### Directions for this task
Without the pictures, repeat the listing character for character.

### Given data
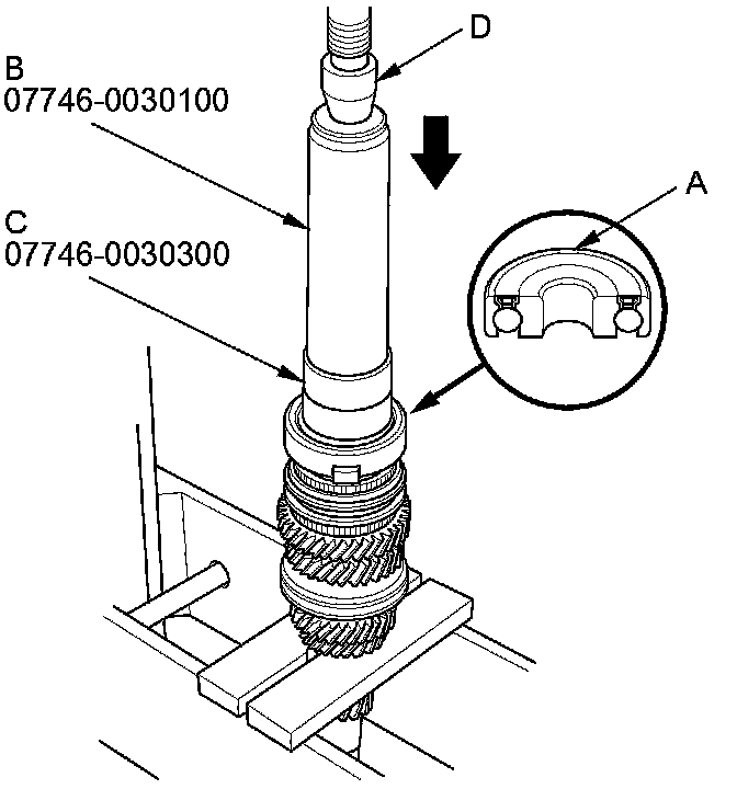 5. Press on the 3rd/4th synchro hub (A) using the 40 mm inner driver handle (B) and the 30 mm inner bearing driver attachment (C).
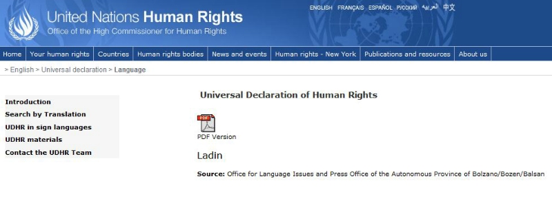 "Dötes les porsones nasc lëdies y cun la medema dignité y i medemi dërć. Ares à na rajun y na cosciënza y mëss s'incuntè öna cun l'atra te n spirit de fraternité." So liest sich Artikel 1 der Menschenrechtscharta auf Gadertalerisch. Es ist dies die 439 Sprache, in welche die "Allgemeinen Erklärung der Menschenrechte" übersetzt worden ist. Zu finden ist die ladinische Übersetzung seit wenigen Tagen auf der Web-Seite des Hohen Kommissar der Vereinten Nationen für Menschenrechte (United Nations High Commissioner for Human Rights, UNHCHR) unter www.ohchr.org/EN/UDHR/Pages/Language.aspx?LangID=lld.
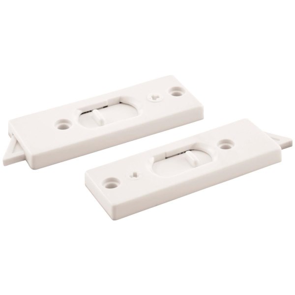 This tilt latch is constructed from white plastic. It features an easy to install spring-loaded design. This style tilt latch is used by several window manufacturers.

### Written response
 5. Press on the 3rd/4th synchro hub (A) using the 40 mm inner driver handle (B) and the 30 mm inner bearing driver attachment (C).
 "Dötes les porsones nasc lëdies y cun la medema dignité y i medemi dërć. Ares à na rajun y na cosciënza y mëss s'incuntè öna cun l'atra te n spirit de fraternité." So liest sich Artikel 1 der Menschenrechtscharta auf Gadertalerisch. Es ist dies die 439 Sprache, in welche die "Allgemeinen Erklärung der Menschenrechte" übersetzt worden ist. Zu finden ist die ladinische Übersetzung seit wenigen Tagen auf der Web-Seite des Hohen Kommissar der Vereinten Nationen für Menschenrechte (United Nations High Commissioner for Human Rights, UNHCHR) unter www.ohchr.org/EN/UDHR/Pages/Language.aspx?LangID=lld.
 This tilt latch is constructed from white plastic. It features an easy to install spring-loaded design. This style tilt latch is used by several window manufacturers.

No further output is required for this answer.